I think what saddens me even more, is the coldness and callousness of the whole discussion in this chapter about hell.  It comes across as though it were some kind of theological exam given as a doctrinal litmus test.  I am reminded of McCheyne’s words to his friend Andrew Bonar, ‘if you cannot preach hell with tears, don’t preach it’.

I have a confession to make.  I don’t get hell.  I hate it.  I don’t understand it.  It remains one of the great-unanswered questions I have. I preach it.  I believe in it.  Because Jesus did.  I believe that my unsaved neighbours, friends and family are hell bound.  And I cannot abide the thought.  It is a burden almost beyond bearing.  Which is why I preach the Good news of Jesus Christ that he came to be the Saviour of people from hell.  And why I rejoice and love the teaching and writing of Tim Keller, who has been privileged to see many people being turned from darkness to light and who is a great help to me as I seek to communicate the Good News that there is a way back from hell.

I am sorry if I have come across as frustrated and saddened in this essay.  That’s because I am.  When yours truly and Schweitzer have preached the gospel as effectively as Keller; when we write books that we would willingly give into the hands of those who are bound for hell, then, and only then, will we have earned the right to offer a constructive critique of Keller’s writings.  Meanwhile it would be better to stop wasting time on attacking others people’s proclamation of the Gospel and putting people off one of the most effective communicators of Gods Word, and instead get on with what God has called us to – getting the Good news out to the millions in England and Scotland who have never heard.  Campaigning against one of the most effective and faithful evangelists today is not proclaiming the Good news of Jesus Christ.   On the other hand the people we are responsible for would benefit greatly from reading Keller’s works.  It would help them in their own souls and understanding, and would equip them better for communicating the Gospel in today’s age.   Keller’s writings are being used to turn many away from hell.  Can we say the same about what we are doing?


  1. Hey Dave, I haven’t read Schweitzer, so I can’t comment on his arguments, tone, etc. I did think that Keller’s chapter on hell in “Reason for God” was weak due to its dependence on Lewis. What I felt was missing was the shame, regret, and awful knowledge that you are stuck/you cannot change the irreversible – these are elements in Jesus’ description of hell (the canyon you can’t cross now, the weeping and gnashing of teeth, gnawing worms, burning flames, etc.). It may be that people in hell don’t want to be near God, but the grey suburbia with semi-aware grey people that populate “The Great Divorce” – I just don’t find that a good match for Jesus’ metaphors and descriptions.

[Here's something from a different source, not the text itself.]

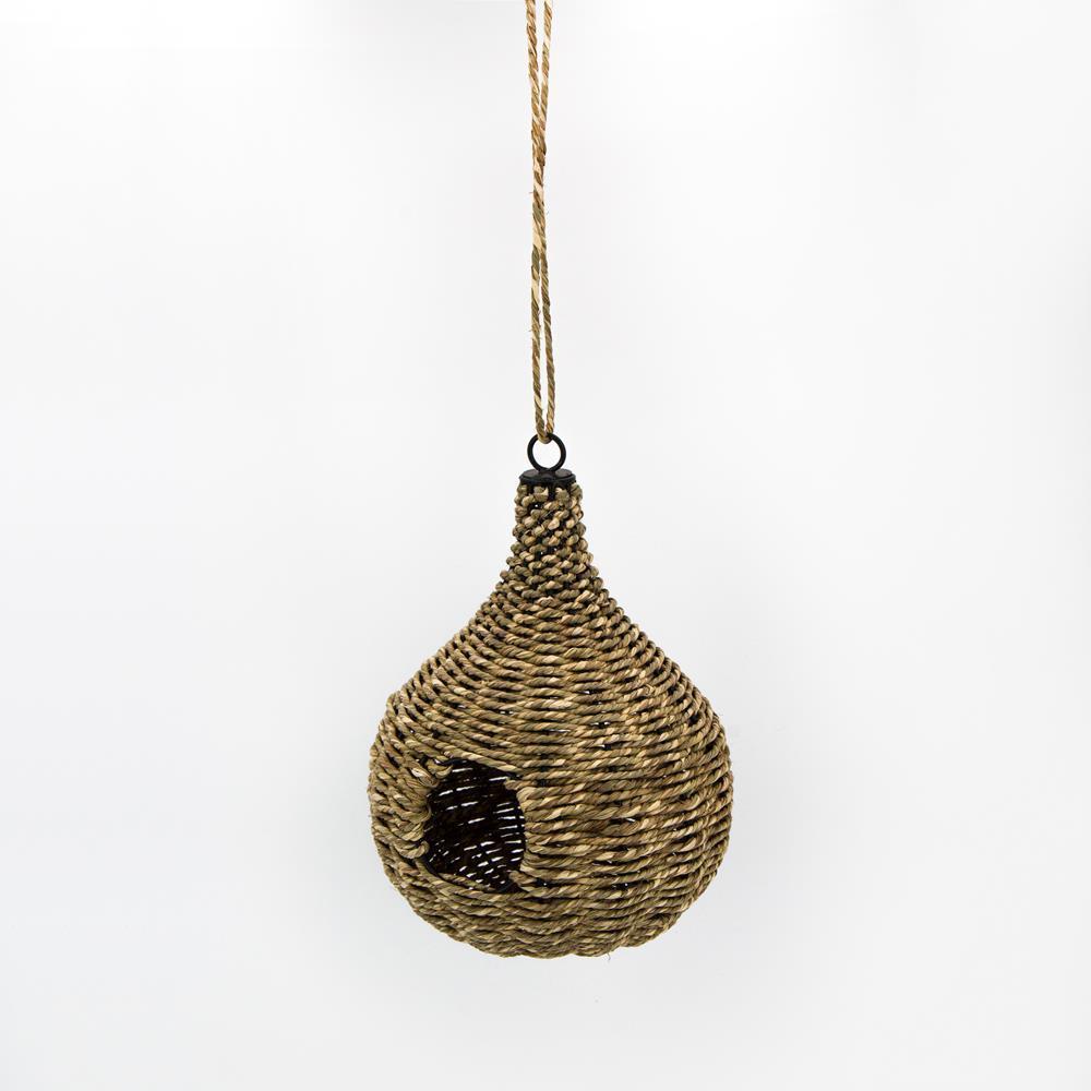 Casetta per uccelli metallo/seagrass goccia 19x19x25cm

It may be that regret, gnashing, awful awareness, all of this is somehow compatible with a chosen Hell. Could be; psychological and spiritual hardness/self-destructive impulses get so mixed and tangled and self-conflicted. But I’d at least would have liked to have that messy self-conflict explored and illuminated a bit by Keller. To say Hell is chosen is a good apologetical move, but I fear it’s oversimplified and undernuanced.

    I don’t want to attribute bad motivation to Keller or Lewis; I respect them both too much. But I did find it a weak point. Would love to hear your comments (beyond what you’ve posted here). Thanks.

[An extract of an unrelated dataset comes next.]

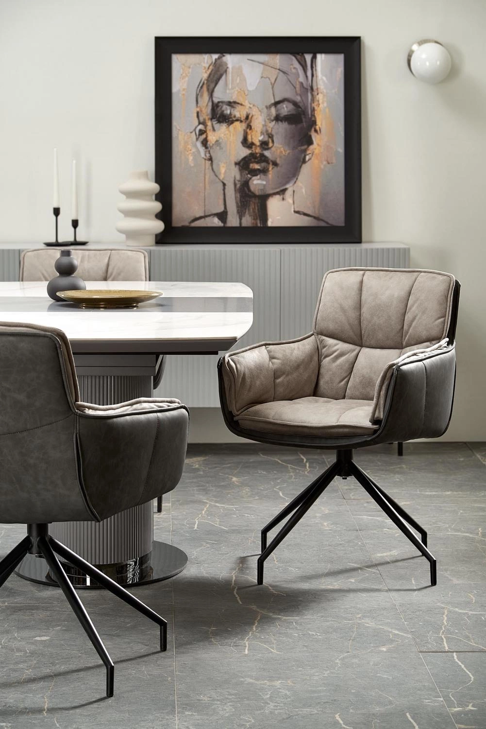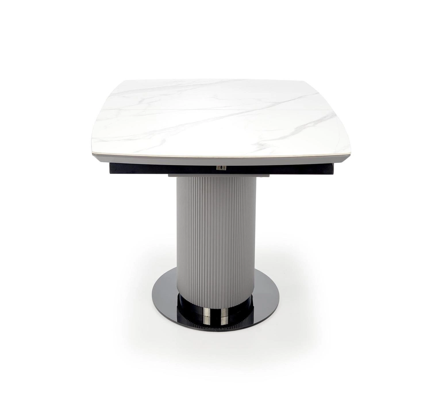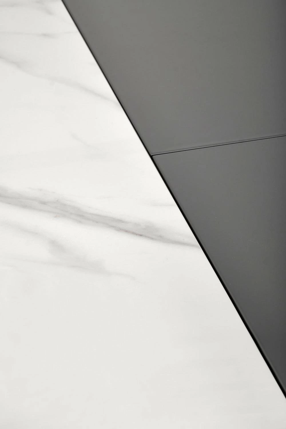 Blat stołu wykonany jest z ceramiki, co gwarantuje jego trwałość i odporność na uszkodzenia. Dodatkowo, materiał ten jest łatwy do utrzymania w czystości, co pozwala na zachowanie eleganckiego wyglądu stołu na dłużej. Noga stołu wykonana jest z lakierowanej proszkowo stali, co zapewnia stabilność i wytrzymałość konstrukcji. Stół Dallas jest w dwóch kolorach — białym marmurze na blacie oraz popielatym jasnym na podstawie. Dzięki temu można dopasować go do swojego wnętrza i stworzyć spójną aranżację.

  2. This is a bad book that should never have been published. It is regrettable that a preacher of the stature of Dr Campbell is associated with it. I admire your stickability and persevering with the reviews. For myself, I’d rather read Tim Keller any day.

  3. We responded to Schweitzer’s critique of Keller and Lewis here:


    There we note that Calvin did not believe that Hell had literal flames.

    I cannot claim a detailed knowledge of Keller, but I am quite convinced that Schweitzer misunderstands Lewis’s discussion of Hell. However, I would like to add that Lewis’s view of Hell, These have less to do with MacDonald and more to do with the puritan John Milton.

    The devil in John Milton’s Paradise Lost offers this challenge to God’s justice: no matter what punishment God inflicts on Satan, Satan remains free. He can find comfort and relief in his own rebellion and freedom. (Blake would later repeat this challenge, ignoring Milton’s own reply).

    “The mind is its own place, and in itself
    Can make a heav’n of hell, a hell of heav’n.”

    God might impose his standards on the Devil, but Satan can defy divine justice with imagination, creativity and freedom: Satan will impose his own value system on his world.

    To some extent, CS Lewis’s reflections on Hell are influenced by Milton’s own answer to Satan. In Book IV we discover that, even in the Garden of Eden, Satan cannot escape from Hell “for within him Hell he brings…”. Satan despairs because he chose to rebel and yet, out of “pride and worse ambition” can no longer choose to repent. “Myself am hell”, he cries; his inner torment is worse than the fires of Hell themselves.

    “Which way I fly is Hell; myself am Hell;
    And, in the lowest deep, a lower deep
    Still threatening to devour me opens wide,
    To which the Hell I suffer seems a Heaven.

    …they little know
    How dearly I abide that boast so vain,
    Under what torments inwardly I groan,
    While they adore me on the throne of Hell.
    With diadem and scepter high advanced,
    The lower still I fall, only supreme
    In misery: Such joy ambition finds.”

    Are we to believe that John Milton was redefining Hell for postmoderns? Or can I suggest that Milton, familiar with Calvin, might have reflected deeply on the nature of Hell, and that he might have something to say to us today? From Milton, Lewis learned that freedom without God is hellish; eternal freedom without could be worse than physical torment. Lewis, steeped in Milton, does not have a soft view of Hell.

    G Veale

    1. Thanks for this. Of course you are right. I have a copy of CS Lewis’s brilliant literary analysis of Paradise Lost and what you say makes so much sense!

      1. Thanks David,
        Saints and Sceptics really appreciates your work.
        I’m still working my way through “Paradise Lost”; Milton’s intelligence and insight are frightening! And everything he says is shaped by scripture!

  4. Who can forget Milton’s words:

    Mammon led them on–
    Mammon, the least erected Spirit that fell
    From Heaven; for even in Heaven his looks and thoughts
    Were always downward bent, admiring more
    The riches of heaven’s pavement, trodden gold,
    Than aught divine or holy else enjoyed
    In vision beatific. By him first
    Men also, and by his suggestion taught,
    Ransacked the centre, and with impious hands
    Rifled the bowels of their mother Earth
    For treasures better hid.

    The Hell he is describing is the state where man rejects God and follows his own desires. It is a Hell on earth.

    1. Amen!

      Freedom is obviously a major theme in “Paradise Lost”- the demon’s desire for absolute freedom keeps them enslaved in Hell. It’s their revolt against authority that binds their wills to Satan’s. And the door of Hell is firmly locked from the inside…

  5. Mr. Robertson, I gorged on your posts about Engaging with Keller after I got an Reformation Heritage Books email alerting me that the book is selling for just $6 (US).

    I don’t think I see any posts about chapters 4 and following. Do you plan to write more on this series? I, for one, appreciate your thoughts.